Bello che  di questi temi ci si ricordi alla maturità – chiosa il nostro direttore Stefano Epifani – certo lo sarebbe ancora di più se si parlasse di tutto ciò anche in maniera sistematica durante l’anno, senza lasciare tali argomenti alla buona volontà dei professori o al P.O.F. di turno. Perché quando mi capita di andare a parlarne nelle scuole perché qualche docente più avveduto ha organizzato (spesso senza fondi) incontri con esperti della materia, la domanda che qualche studente più critico fa è immancabilmente la stessa: ‘professore, perché di questi argomenti non ce ne parlano in classe?’. E questo, in un paese che voglia dirsi civile, è inaccettabile“.

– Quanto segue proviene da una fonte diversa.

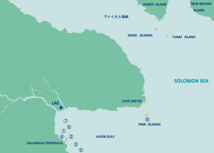 ニューギニア本島のソロモン海に面したフオン半島の南のフオン湾周辺のエリアで、南にはトゥフィ、北にはヴァイタル海峡があります。ポイントは大きく分けてラエの港の近くと沖合いのタミ諸島に分かれています。ラエは、マーカム川の河口に位置する街で、ハイランド地方の観光拠点として栄えてきました。ラエの街から南へ約40kmにある南北に細長いのサラモア半島周辺には多くのダイビングポイントが点在し、港の周辺には無数の沈船が眠っています。少し沖合いに出ると多くの隠れ根があり、ここではサメ、イソマグロ、スパニッシュマクラル、そしてバラクーダやアジの群れ等、無数の回遊魚と遭遇できます。
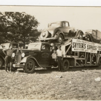 Black and white snapshot original Henry Snyder standing in front of tractor/trailer carrying autos. He is looking very dapper. 'Snyder's Express Trucking' banner on side of trailer. Shows car hauler with many cars on it. One photo taken in Northamption.
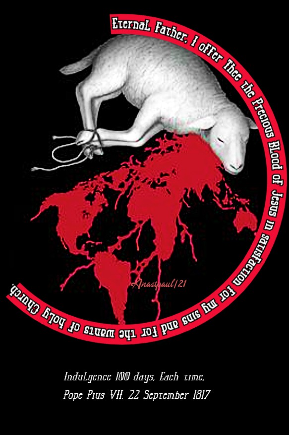 Eternal Father, I offer Thee the Precious Blood of Jesus in satisfaction for my sins and for the wants of holy Church. – Indulgence 100 days, Each time, Pope Pius VII, 22 September 1817.
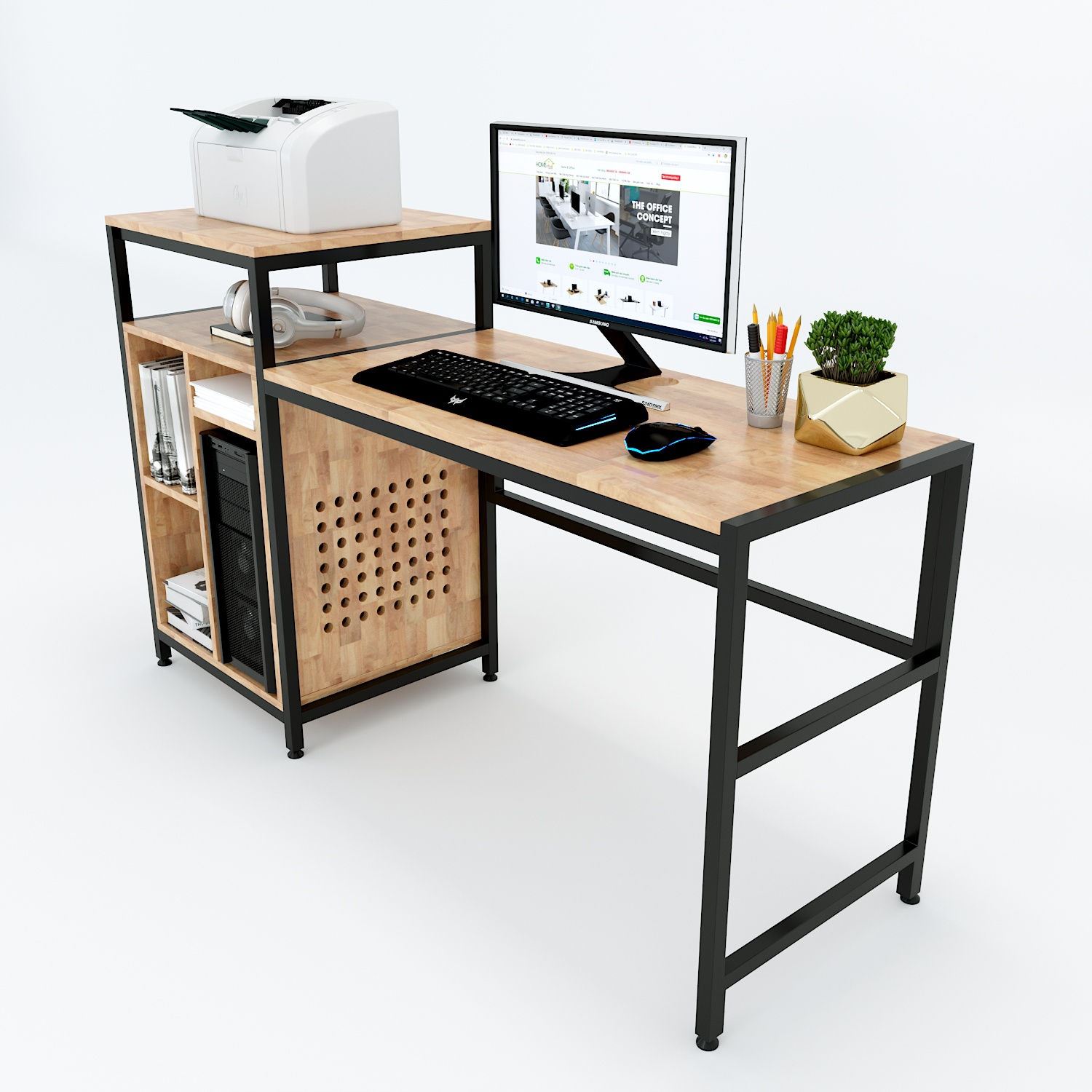 COD68035 - Bàn Vi tính gỗ cao su khung sắt kết hợp kệ (137x50x92cm) với chất liệu mặt bàn và kệ gỗ cao su tiêu chuẩn AA dày 17mm sơn PU hoàn thiện với nhiều màu sắc lựa chọn, hệ khung chân sắt hộp sơn tĩnh điện chất lượng cao, lắp ráp. Mẫu bàn kết hợp gồm 1 bàn và 1 kệ rời để CPU và máy in, kích thước bề mặt bàn rộng 50cm phù hợp với nhiều không gian và mục đích sử dụng
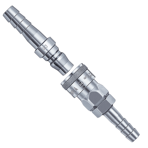 有優(yōu)越通用性的快速接頭,可用于從工廠的空氣配管到空氣工具的軟管 連接的各類用途。 ●鋼鐵材質(zhì)適用于空氣,黃銅、不銹鋼材質(zhì)適用于水。 但是,分離時流體從插塞一側(cè)流出來,敬請注意。 鋼鐵材質(zhì)的重要構(gòu)成部件經(jīng)過熱處理增加了強度。有良好的耐磨損性和耐久性。 ●主體材質(zhì)與尺寸種類豐富,安裝形狀標準化,可用于廣泛的空壓用途。
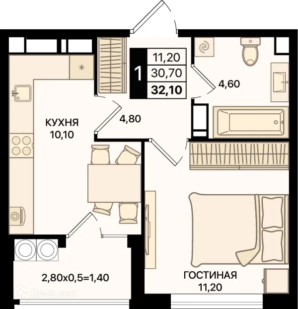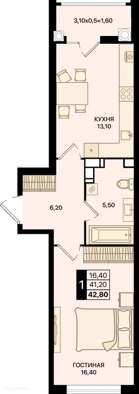 1 комн. квартира в Ростове-на-Дону в ипотеку от 43 212 руб/месяц
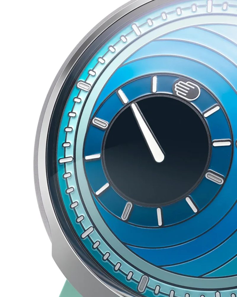 Ressence 与艺术家的跨界早已不是新闻,但这次找来德国雕塑画家 Daniel Engelberg,可谓惺惺相惜。以其代表作《Inside Out》为灵感,结合 Ressence 标志性的油封时间显示,TYPE 8 DE1 和 DE2 把几何的层叠感与油封液体的折射玩到极致:表盘犹如一颗内卷的同心圆,指针与小时盘似乎悬浮其中,顺着雕塑般的色彩流动而转动,构成独一无二的动感错视。
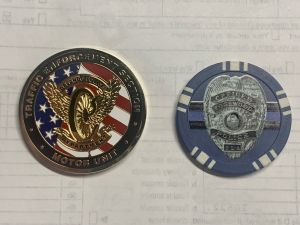 Lt Dillon gave me a special OPD coin from the traffic enforcement section Motor unit. When I got home I looked hard the coin and the motorcycle wheel with the wings through it. It was very special to me as I am in the Shriners motorcycle unit and this logo is often used on our uniforms. I was so honored that added to a special coin that was given to me from Edgewood PD.
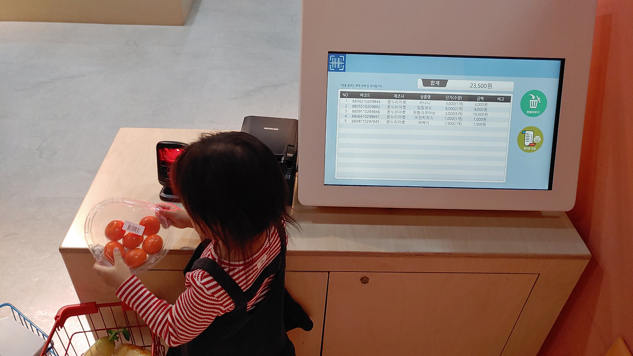 카트에 담긴 물건을 바코드에 대면서 직접 셀프 계산을 하고, 영수증까지 출력해 낼 수 있는 곳이어서 많은 아이들이 좋아하는 체험장이다.
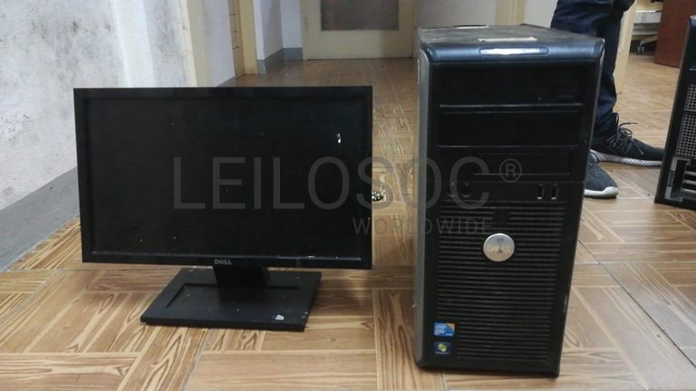 Um monitor Dell, um desktop de marca Dell Optiplex 360 Intel Core 2, 500GB HDD, 512GB ram e um teclado Dell.
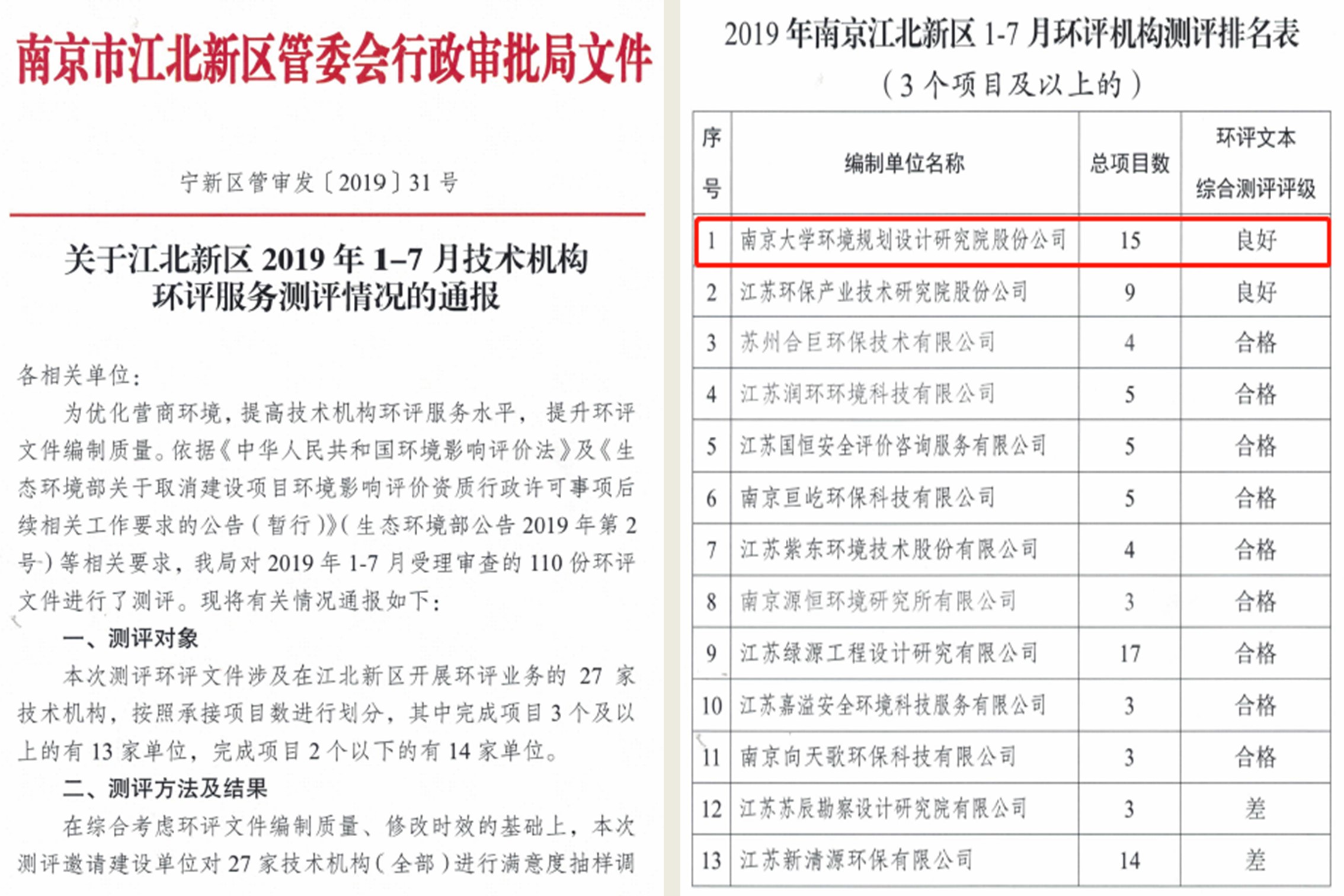 環(huán)評(píng)業(yè)務(wù)連續(xù)兩年在江北新區(qū)測(cè)評(píng)中拔得頭籌

Cari maturandi, dunque, cosa avrete scritto voi sul vostro tema non lo sapremo mai. Quello che sappiamo è che già la traccia la dice lunga su come oggi trattiamo le informazioni: ne abbiamo tante (qualcuno malignamente dice troppe, ma sappiamo che il troppo non c’è quando si parla di informazione); spesso in contraddizione tra loro (un po’ sul modello “una recente ricerca ha detto che…” ironicamente proposto da Frascati Scienza); sempre più spesso frutto di analisi di altri che anche noi giornalisti non ci divertiamo più a mettere in discussione e nemmeno a raffrontare con altre perché ne abbiamo le caselle piene di comunicati di ricerche (a volte comode per scriverci qualcosa). Informazioni che passano da un articolo all’altro senza che nessuno si preoccupi di fare alcuna elaborazione (che il giornalismo non è più quello di una volta), perché anche noi, se cercate le tracce della maturità su Google (come vedete dalle foto sotto), copiamo e incolliamo molto. A volte, purtroppo, facendo finta di niente anche quando qualcuno ci trova con il fogliettino in mano.